Weed Science Society of America
- Abbreviation: WSSA
- Formation: 1956
- Type: Nonprofit, learned society
- Legal status: Active
- Purpose: Promote research, education, and extension outreach in weed science; provide science-based information to the public and policymakers; foster awareness of weeds and their impact 4
- Location: United States;
- Region served: International
- Methods: Research, education, extension outreach 5
- Fields: Weed science
- Members: Yes (individual, organizational, student, emeritus, honorary)
- Official language: English
- President: Scott Senseman (2018-2019)
- Publication: Weed Science (formerly Weeds) Weed Technology, Invasive Plant Science and Management
- Funding: Membership dues, subscriptions, grants

= Weed Science Society of America =

The Weed Science Society of America (WSSA) is a nonprofit, learned society focused on weed science. It was founded in 1956. The organization promotes research, education, and extension outreach, provides science-based information to the public and policy makers, and fosters awareness of weeds and their impact on both managed and natural ecosystems. President for 2018-19 is Scott Senseman from the University of Tennessee.

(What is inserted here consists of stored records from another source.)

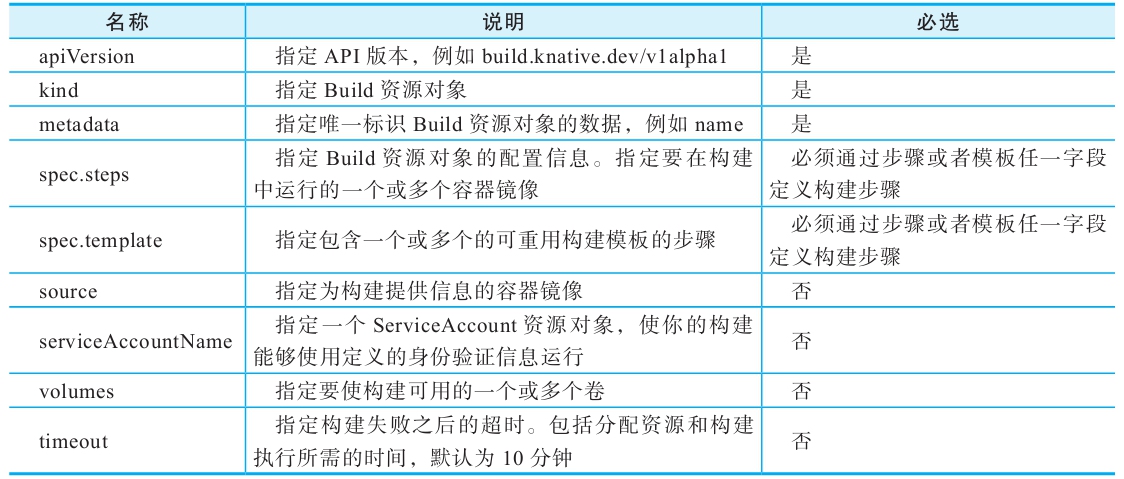 定义Build资源的配置文件可以指定的字段,如表11-1所示。
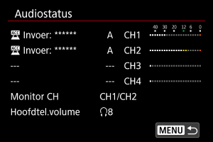 - [Monitor CH] geeft kanalen aan die zijn ingesteld in [Monitor CH opn.] voor [Hoofdtelefoon] in [
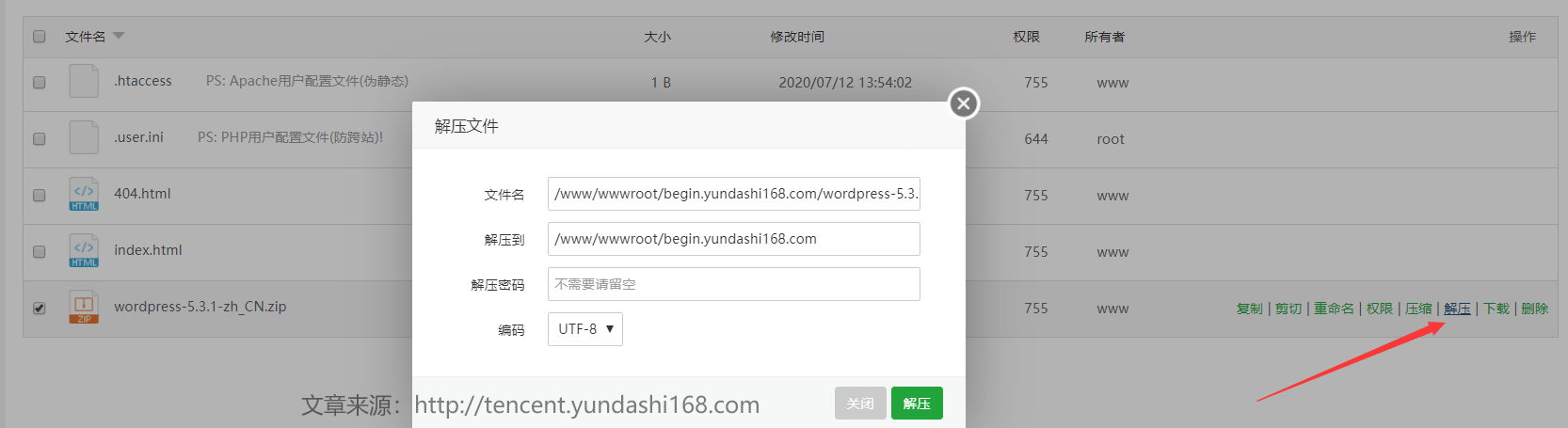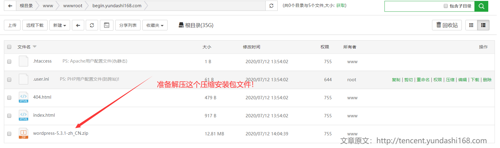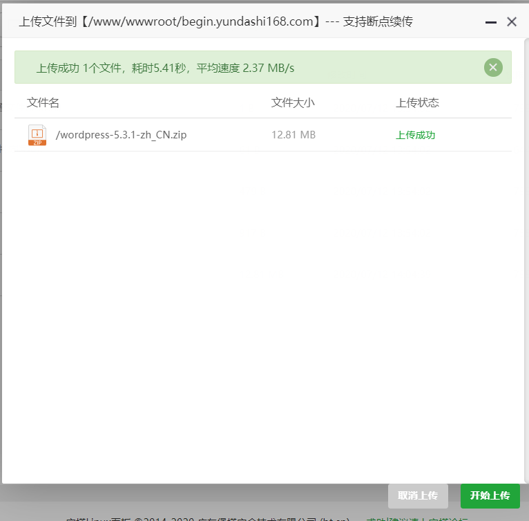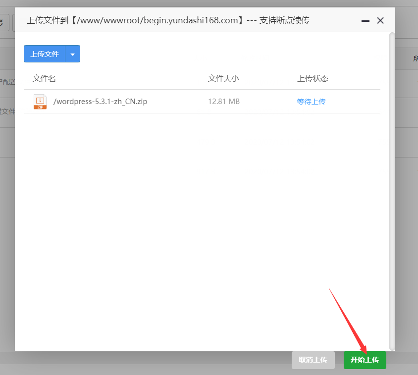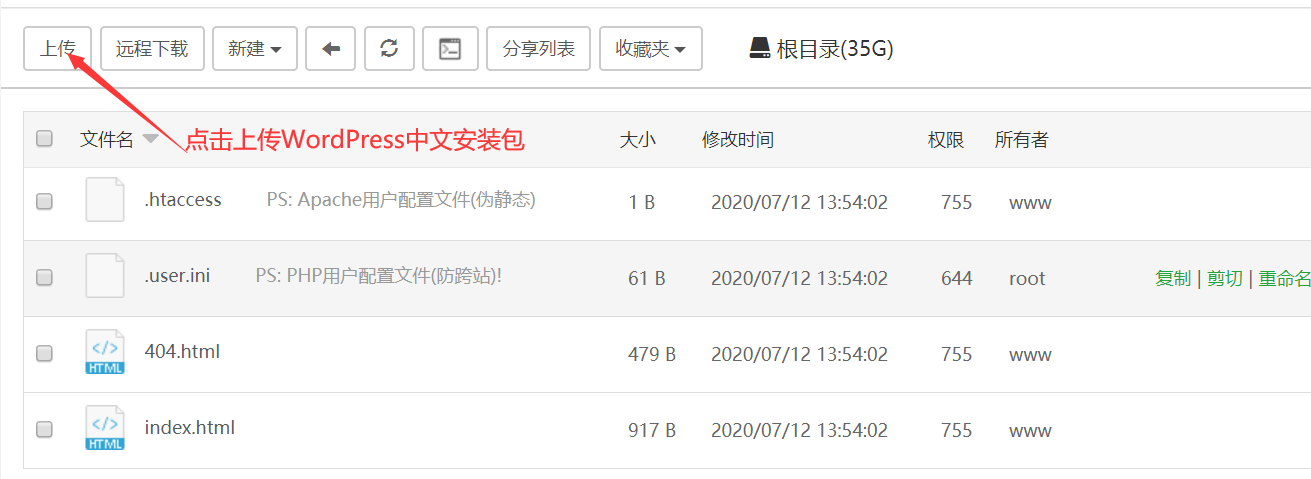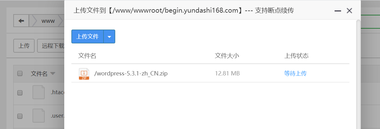 这里我是准备安装WordPress,所以是需要上传WordPress中文版安装包。
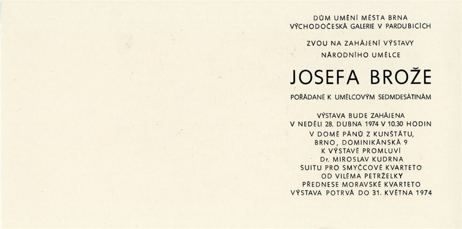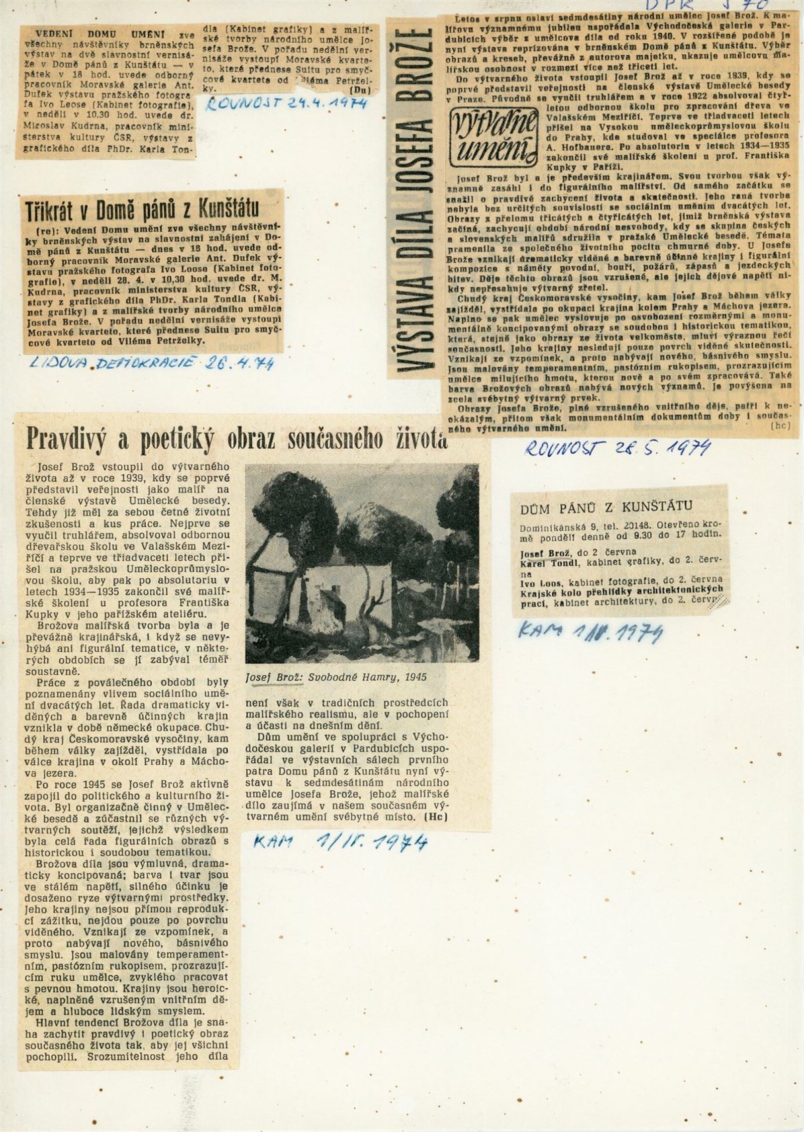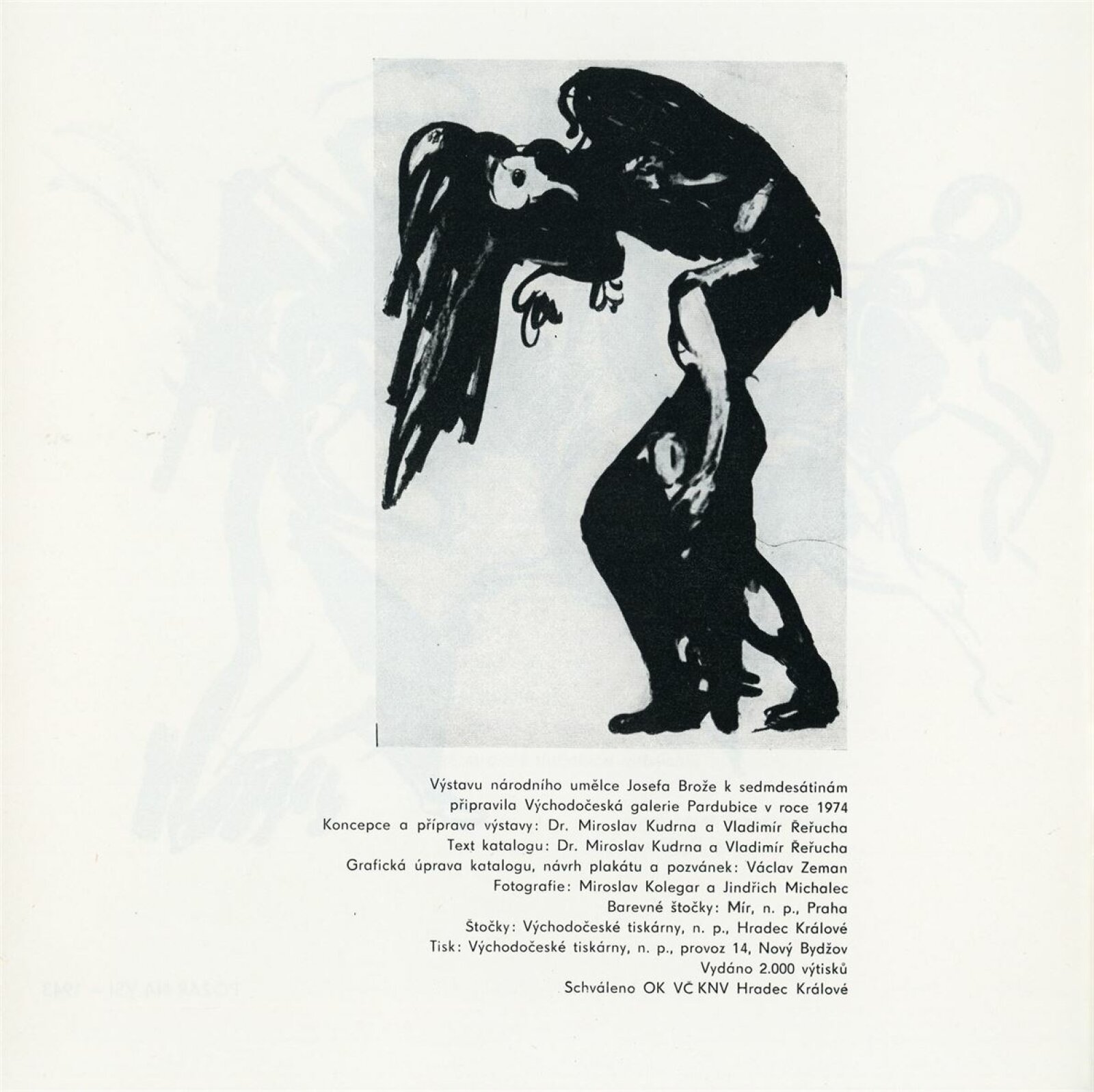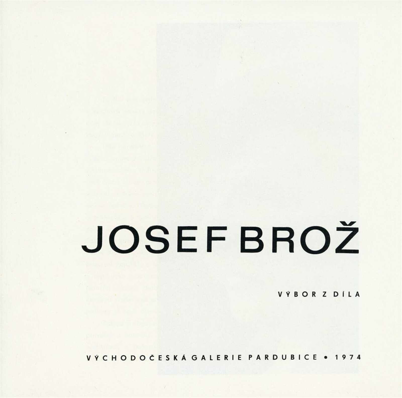 Josef Brož: Dům umění / Dům pánů z Kunštátu, 28. 4. – 31. 5. 1974 / Převzatý katalog. Josef Brož. Výbor z díla: Východočeská galerie, Pardubice, 1974 / Text: Vladimír Řeřucha, Miroslav Kudrna, báseň František Halas. – Pardubice: Východočeská galerie, 1974. – 32 s., obr., životopis, DPK 570. – MZK; MG

WSSA has started the International Survey of Herbicide Resistant Weeds initiative to collect herbicide resistances. The WSSA classifies all herbicides by the mode of action.

In 2017, WSSA began a partnership with Cambridge University Press to continue publication of the three WSSA journals: Weed Science (formerly Weeds) , Weed Technology , and Invasive Plant Science and Management .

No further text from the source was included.